*** Information ***

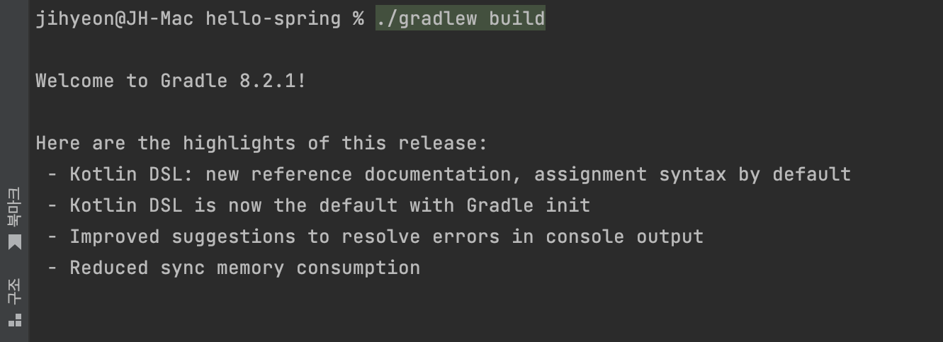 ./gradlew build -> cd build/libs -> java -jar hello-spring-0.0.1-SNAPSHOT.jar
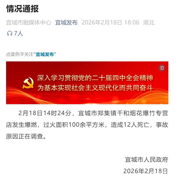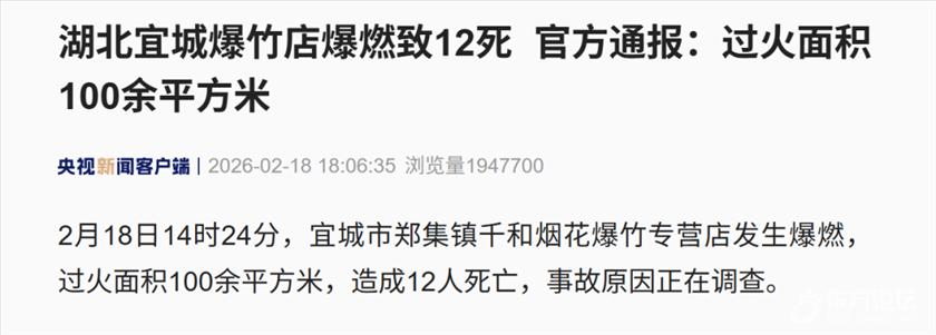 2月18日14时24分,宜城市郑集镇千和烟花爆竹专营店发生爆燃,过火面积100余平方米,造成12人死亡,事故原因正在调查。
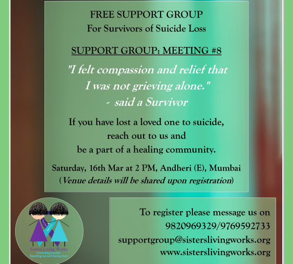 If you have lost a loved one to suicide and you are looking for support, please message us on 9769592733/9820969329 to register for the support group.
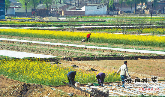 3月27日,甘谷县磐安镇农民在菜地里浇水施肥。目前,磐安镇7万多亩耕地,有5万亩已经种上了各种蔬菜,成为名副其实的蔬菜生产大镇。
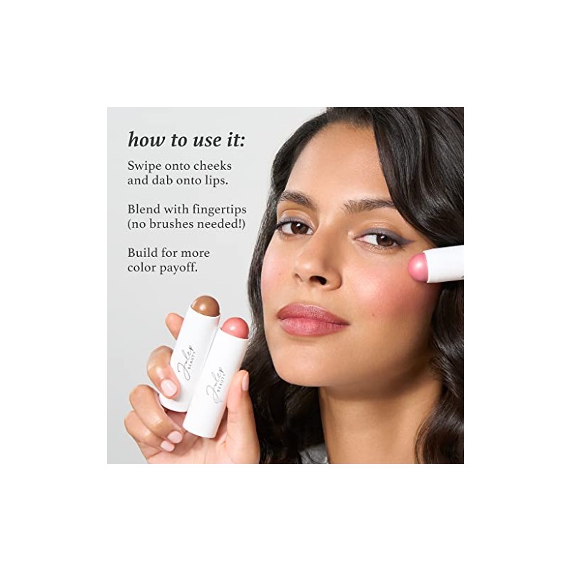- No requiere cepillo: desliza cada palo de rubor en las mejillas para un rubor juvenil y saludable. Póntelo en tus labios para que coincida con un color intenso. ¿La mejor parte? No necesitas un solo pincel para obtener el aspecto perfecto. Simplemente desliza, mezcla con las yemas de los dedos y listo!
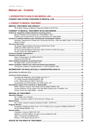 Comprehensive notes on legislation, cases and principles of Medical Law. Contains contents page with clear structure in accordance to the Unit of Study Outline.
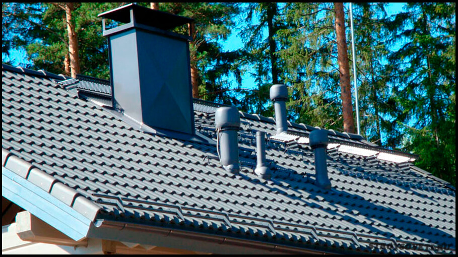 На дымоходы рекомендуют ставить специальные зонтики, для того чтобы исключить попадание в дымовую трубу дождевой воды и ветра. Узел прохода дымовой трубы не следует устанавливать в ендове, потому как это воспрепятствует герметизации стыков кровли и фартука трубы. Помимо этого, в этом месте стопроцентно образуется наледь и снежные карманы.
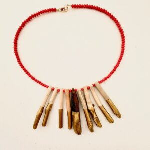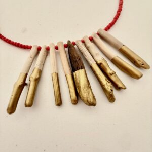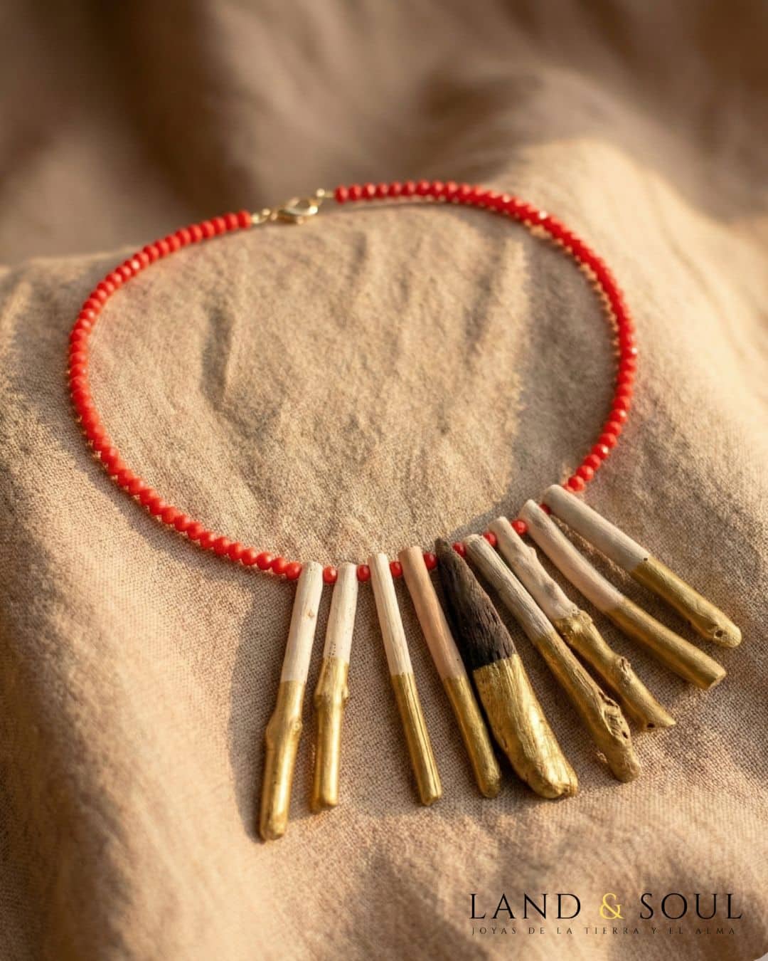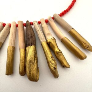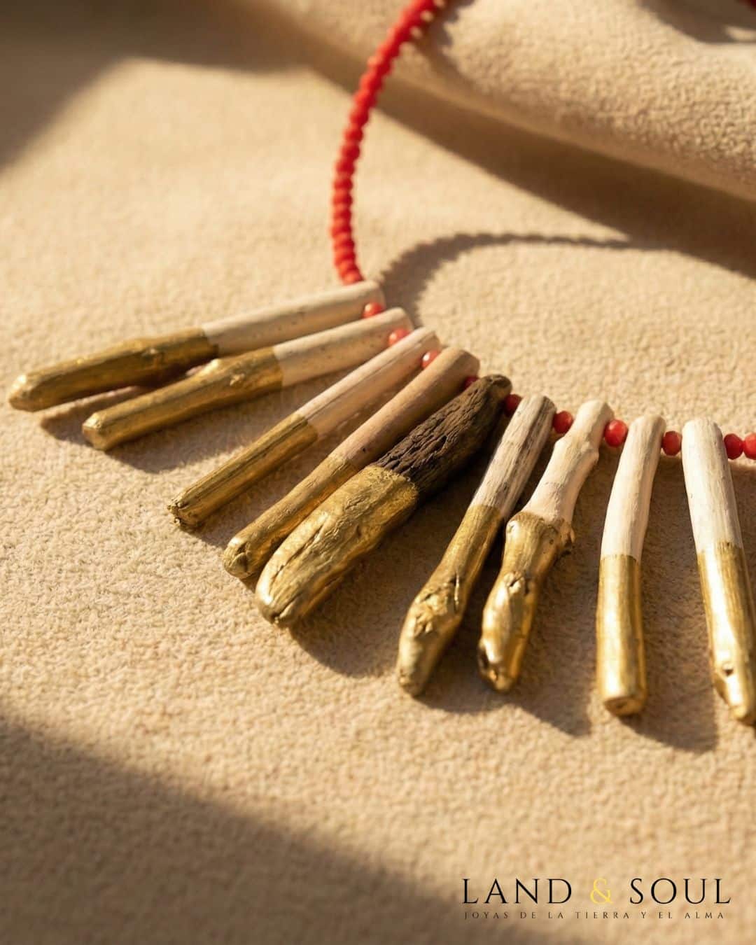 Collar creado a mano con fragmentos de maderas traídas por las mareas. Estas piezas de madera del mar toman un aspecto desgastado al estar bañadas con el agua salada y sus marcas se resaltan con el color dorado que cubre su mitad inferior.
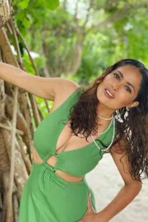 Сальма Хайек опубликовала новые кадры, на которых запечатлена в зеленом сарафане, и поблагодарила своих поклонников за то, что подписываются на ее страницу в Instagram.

*** End of Information ***
*** Information ***

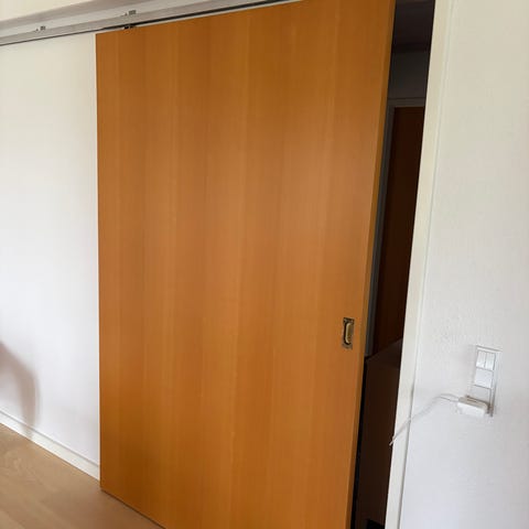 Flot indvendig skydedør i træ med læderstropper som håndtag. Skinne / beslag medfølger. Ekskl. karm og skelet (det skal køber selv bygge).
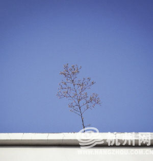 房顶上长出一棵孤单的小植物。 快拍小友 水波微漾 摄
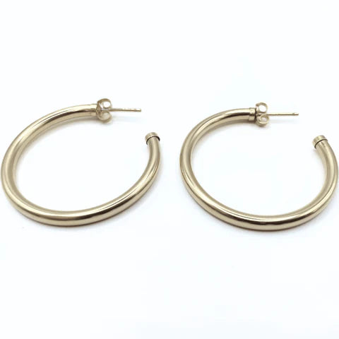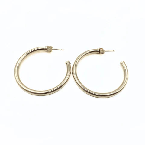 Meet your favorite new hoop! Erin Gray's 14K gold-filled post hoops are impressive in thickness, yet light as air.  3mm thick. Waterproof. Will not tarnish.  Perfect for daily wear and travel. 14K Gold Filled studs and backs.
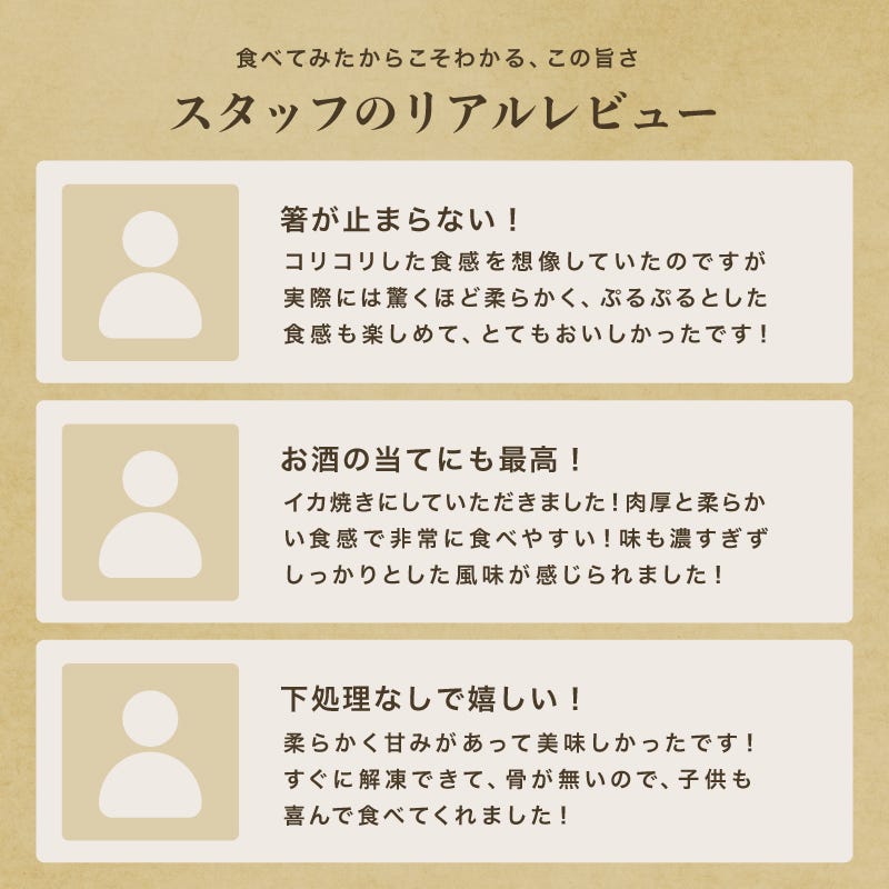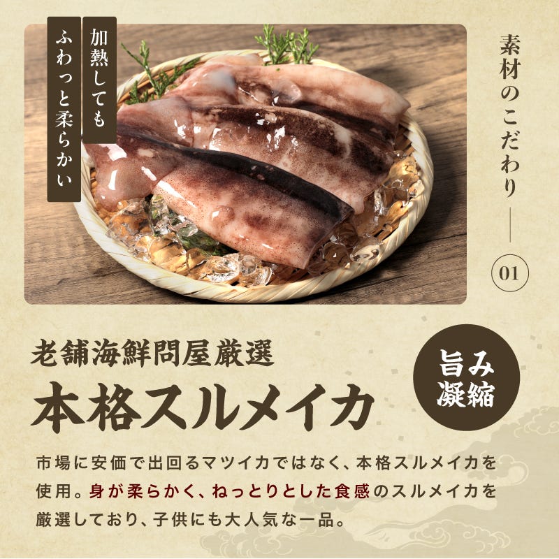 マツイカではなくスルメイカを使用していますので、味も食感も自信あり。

*** End of Information ***
*** Information ***

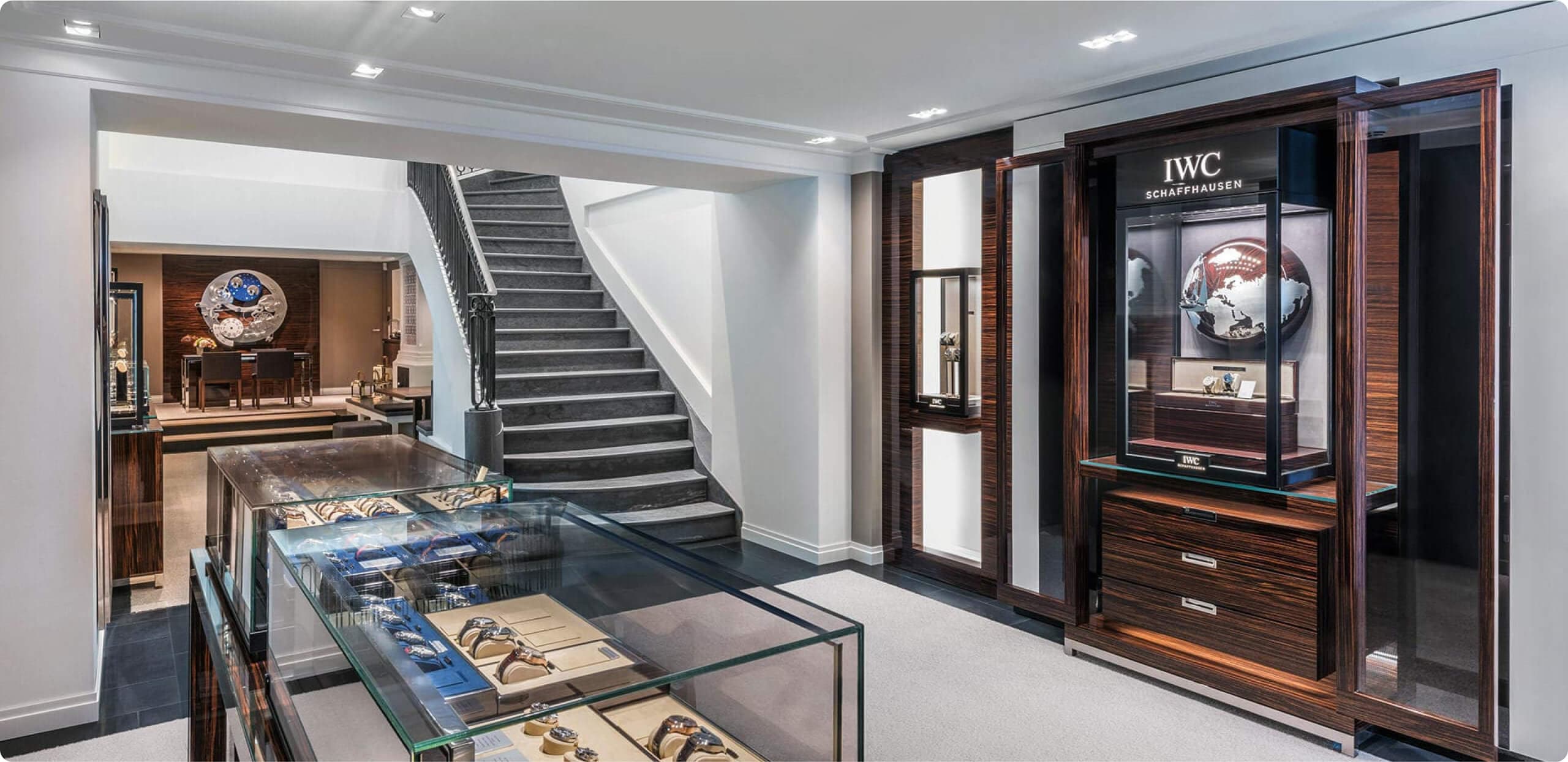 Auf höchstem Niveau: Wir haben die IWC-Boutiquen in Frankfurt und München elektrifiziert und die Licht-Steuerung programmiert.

*** End of Information ***

Task prompt:
Only the lines above starting with the line with "Comprehensive notes on" and going on through the line with "На дымоходы рекомендуют" belong in the answer; repeat them exactly, minus any picture.

Task solution:
 Comprehensive notes on legislation, cases and principles of Medical Law. Contains contents page with clear structure in accordance to the Unit of Study Outline.
 На дымоходы рекомендуют ставить специальные зонтики, для того чтобы исключить попадание в дымовую трубу дождевой воды и ветра. Узел прохода дымовой трубы не следует устанавливать в ендове, потому как это воспрепятствует герметизации стыков кровли и фартука трубы. Помимо этого, в этом месте стопроцентно образуется наледь и снежные карманы.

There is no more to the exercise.